§ **Data under study**:
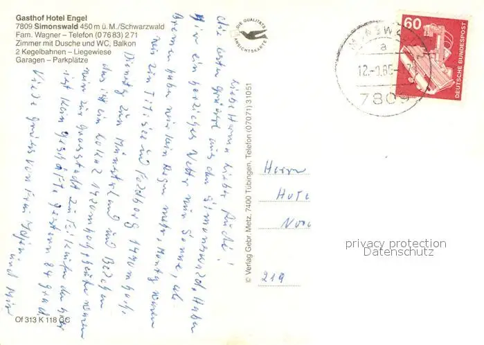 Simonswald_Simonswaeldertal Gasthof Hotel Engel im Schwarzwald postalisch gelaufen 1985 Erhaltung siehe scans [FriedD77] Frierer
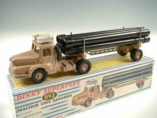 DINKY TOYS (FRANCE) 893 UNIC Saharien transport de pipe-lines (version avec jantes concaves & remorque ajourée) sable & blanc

...

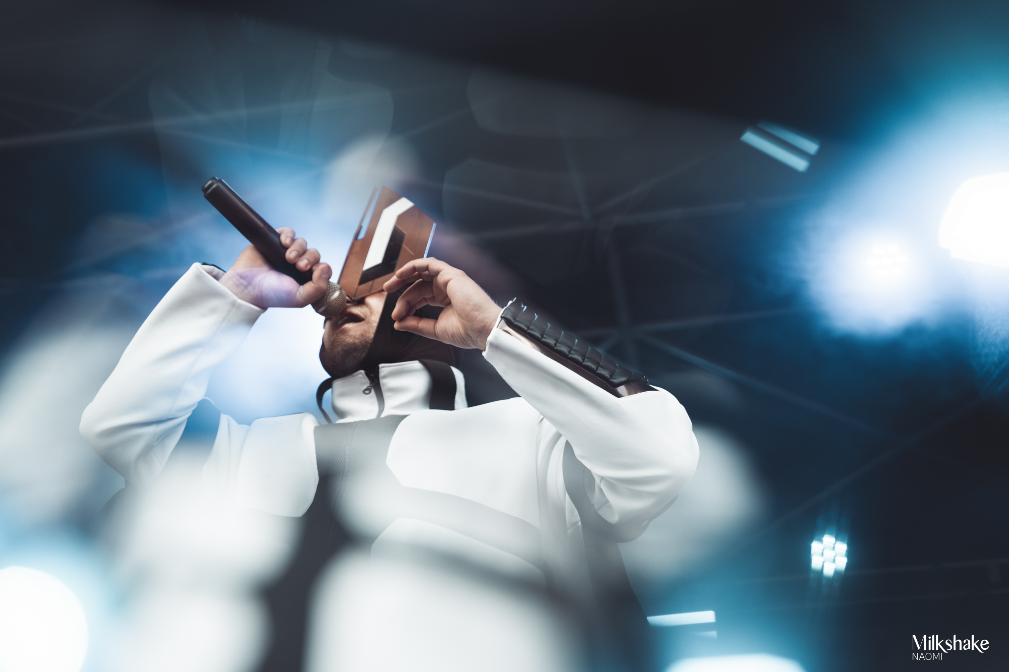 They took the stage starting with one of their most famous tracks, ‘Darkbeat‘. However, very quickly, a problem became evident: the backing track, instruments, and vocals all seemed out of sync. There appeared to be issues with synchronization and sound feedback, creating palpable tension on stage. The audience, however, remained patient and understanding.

* * *

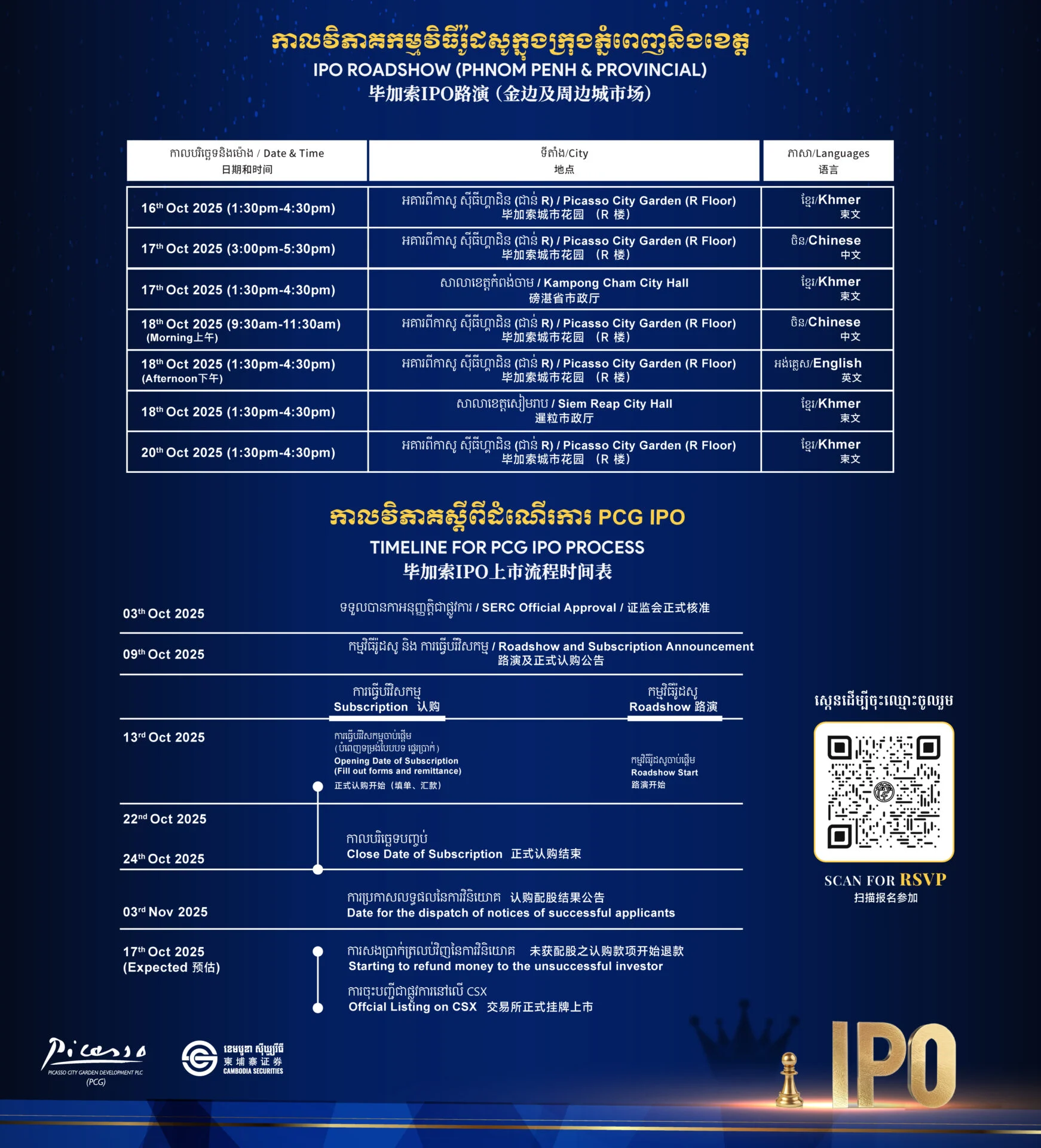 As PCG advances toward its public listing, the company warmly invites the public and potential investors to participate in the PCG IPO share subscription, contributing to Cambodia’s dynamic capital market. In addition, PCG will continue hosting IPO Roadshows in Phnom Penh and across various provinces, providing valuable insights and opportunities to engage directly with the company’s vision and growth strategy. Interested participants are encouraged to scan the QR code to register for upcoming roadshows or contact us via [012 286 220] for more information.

§ **Instructions to follow**: Out of the records above, return only the lines from the one with "Simonswald_Simonswaeldertal Gasthof Hotel" through the one with "DINKY TOYS (FRANCE)", exactly, and none of the pictures.

§ **Task response**:
 Simonswald_Simonswaeldertal Gasthof Hotel Engel im Schwarzwald postalisch gelaufen 1985 Erhaltung siehe scans [FriedD77] Frierer
 DINKY TOYS (FRANCE) 893 UNIC Saharien transport de pipe-lines (version avec jantes concaves & remorque ajourée) sable & blanc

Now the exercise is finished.